Problem:
Every entry below should be copied exactly, minus the pictures.

Material supplied:
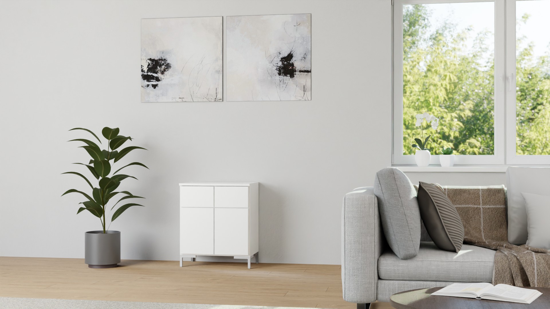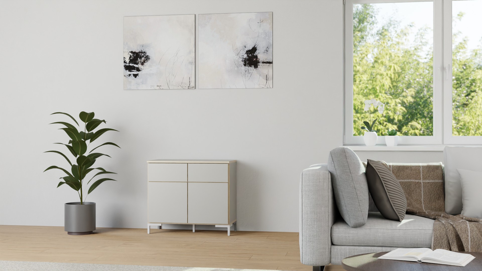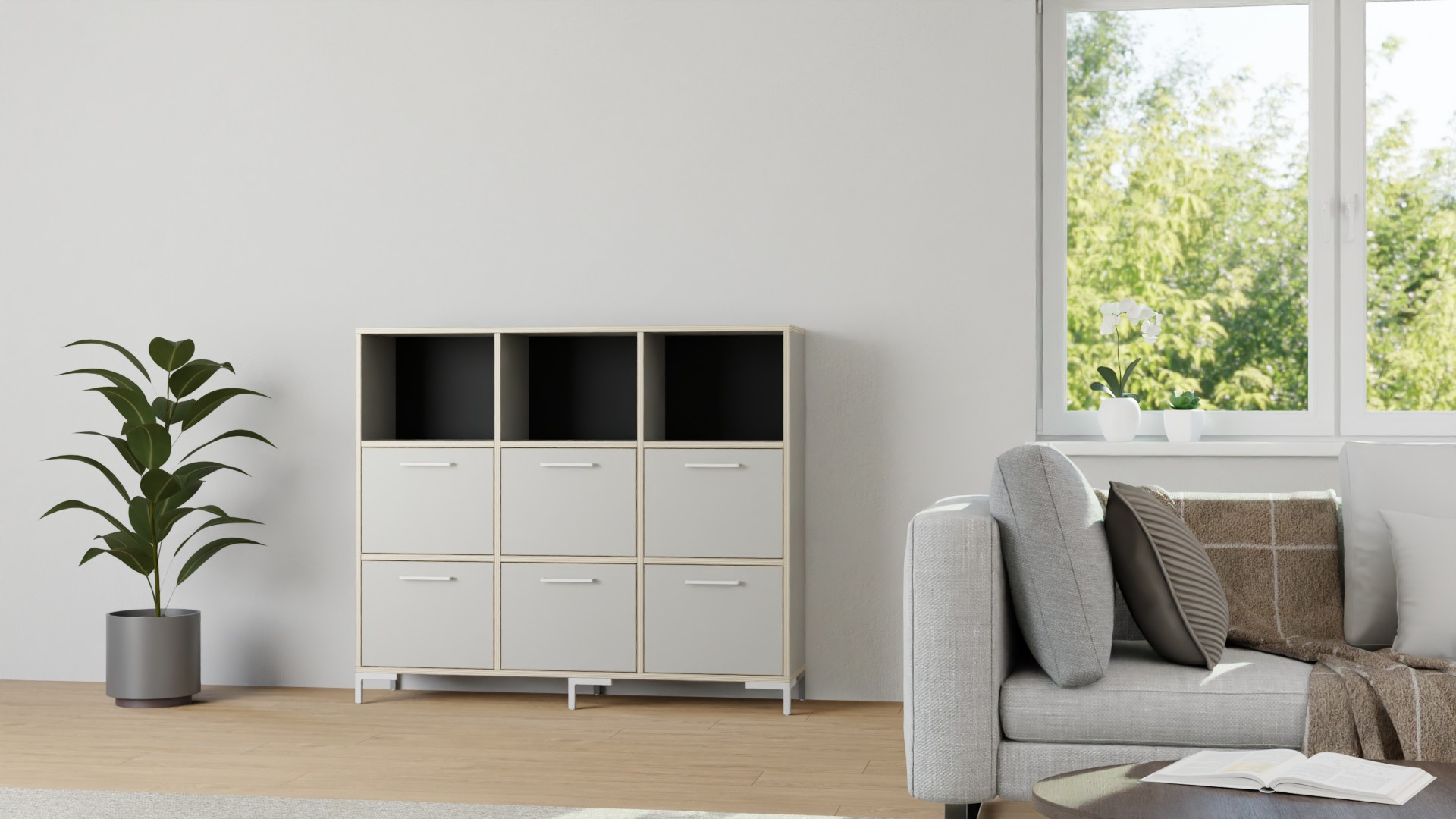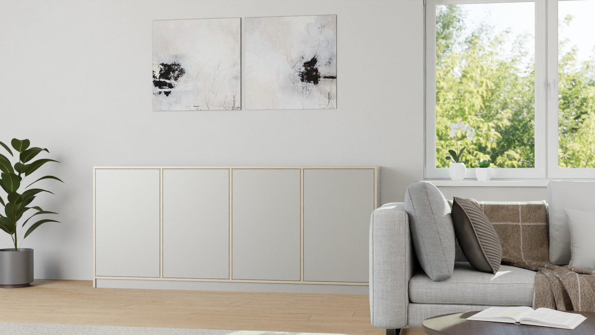 Pickawood Lowboard - Individualisierbar - Eiche/Weiß/Grau Premium Dekore
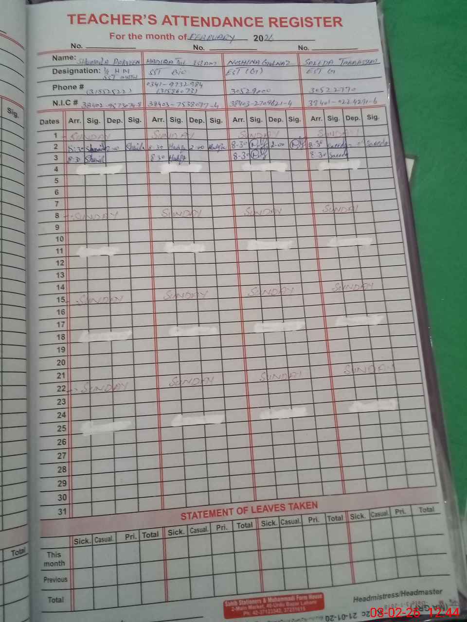 | Name: Sh**** Pr**** Designation: (School Headmaster's/Headmistress's) SST Phone/Cell Number: 03**** |
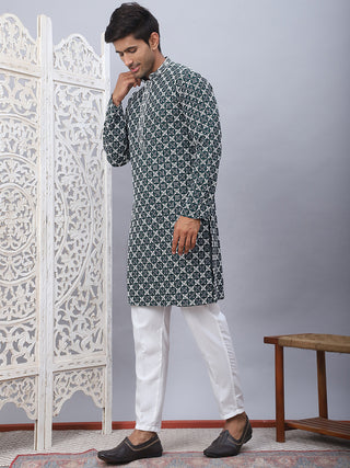 Men's Olive Green Chikankari Embroidered and Sequence Kurtas
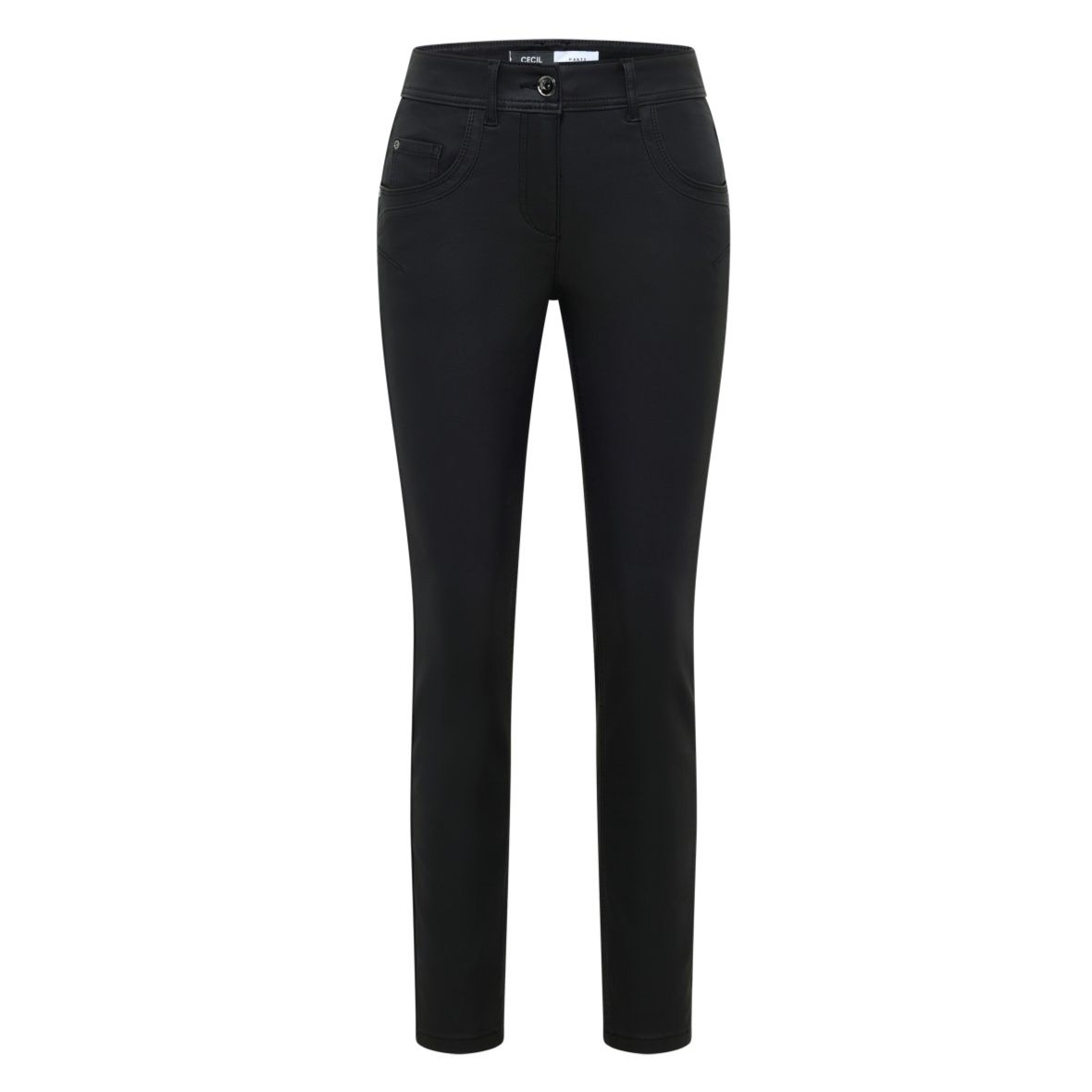 Die beschichtete Hose von CECIL für Damen begeistert im angesagten Leder-Look mit leichtem Glanz. Slim Fit, Mid Waist und Slim Legs sorgen für eine figurbetonte Passform, während der Viskosemix mit Stretchanteil angenehmen Tragekomfort bietet. Der 5-Pocket-Style rundet den rockig-edlen Look stilvoll ab.
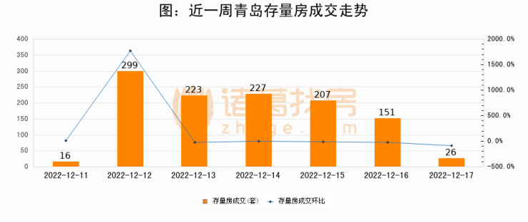 从存量房来看,2022年12月17日青岛存量房单日成交26套,比昨日减少125套,环比下降82.8%。从近一周存量房成交来看,青岛存量房日均成交套数为164套,其中12月12日成交量最高为299套,12月17日单日成交26套,低于近一周平均水平84.1%。

Reply:
 Pickawood Lowboard - Individualisierbar - Eiche/Weiß/Grau Premium Dekore
 | Name: Sh**** Pr**** Designation: (School Headmaster's/Headmistress's) SST Phone/Cell Number: 03**** |
 Men's Olive Green Chikankari Embroidered and Sequence Kurtas
 Die beschichtete Hose von CECIL für Damen begeistert im angesagten Leder-Look mit leichtem Glanz. Slim Fit, Mid Waist und Slim Legs sorgen für eine figurbetonte Passform, während der Viskosemix mit Stretchanteil angenehmen Tragekomfort bietet. Der 5-Pocket-Style rundet den rockig-edlen Look stilvoll ab.
 从存量房来看,2022年12月17日青岛存量房单日成交26套,比昨日减少125套,环比下降82.8%。从近一周存量房成交来看,青岛存量房日均成交套数为164套,其中12月12日成交量最高为299套,12月17日单日成交26套,低于近一周平均水平84.1%。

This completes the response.